Je déclarai qu’à notre époque, une telle prise de pouvoir n’existait que dans les opérettes, et que nous, bolcheviks, n’avions rien à voir avec ces perspectives d’aventures conspiratrices. […]
Le congrès s’acheva par la cristallisation de deux positions inconciliables, malgré des tentatives de réconciliation organisationnelle. Vladimir Ilitch, Staline, Krassine et d’autres dirigeants de notre fraction insistèrent, après des débats éprouvants, pour maintenir un Comité central unifié du parti, bien qu’ils sussent pertinemment qu’aucun travail commun n’en sortirait.
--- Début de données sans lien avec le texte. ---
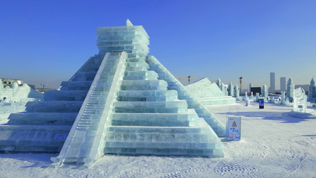 Como inicio de una serie de actividades para celebrar el 50º aniversario de las relaciones diplomáticas entre China y México, la finalización de la escultura de hielo de la Pirámide de Harbin es una mezcla perfecta de la próspera civilización maya y la innovadora cultura china del hielo en Harbin.

Cependant, l’état d’esprit du parti était tel qu’assumer la responsabilité d’une rupture eût été imprudent. Il fut décidé de démontrer par la pratique que les mencheviks, en cherchant à éliminer le bolchevisme, nous pousseraient inévitablement à proclamer notre autonomie.
Nous avions pleine conscience de notre cohésion et de la clarté de nos idées. Nous savions que le menchevisme ne pourrait ni nous absorber ni nous assimiler.
Le Congrès de Stockholm avait déjà révélé du côté bolchevik une phalange de militants solides et lucides. Malgré le brillant culturel des arguments plékhanoviens, aucune majorité menchevique ne pouvait, me semble-t-il, masquer aux yeux d’un observateur attentif le poids infiniment supérieur des révolutionnaires bolcheviks.
Nous quittâmes le congrès non pas désillusionnés ou vaincus, mais triomphants.
[1926]
- ↑ Il s’agit du IVe Congrès du POSDR (dit d’Unification) qui s’est tenu à Stockholm en avril 1906.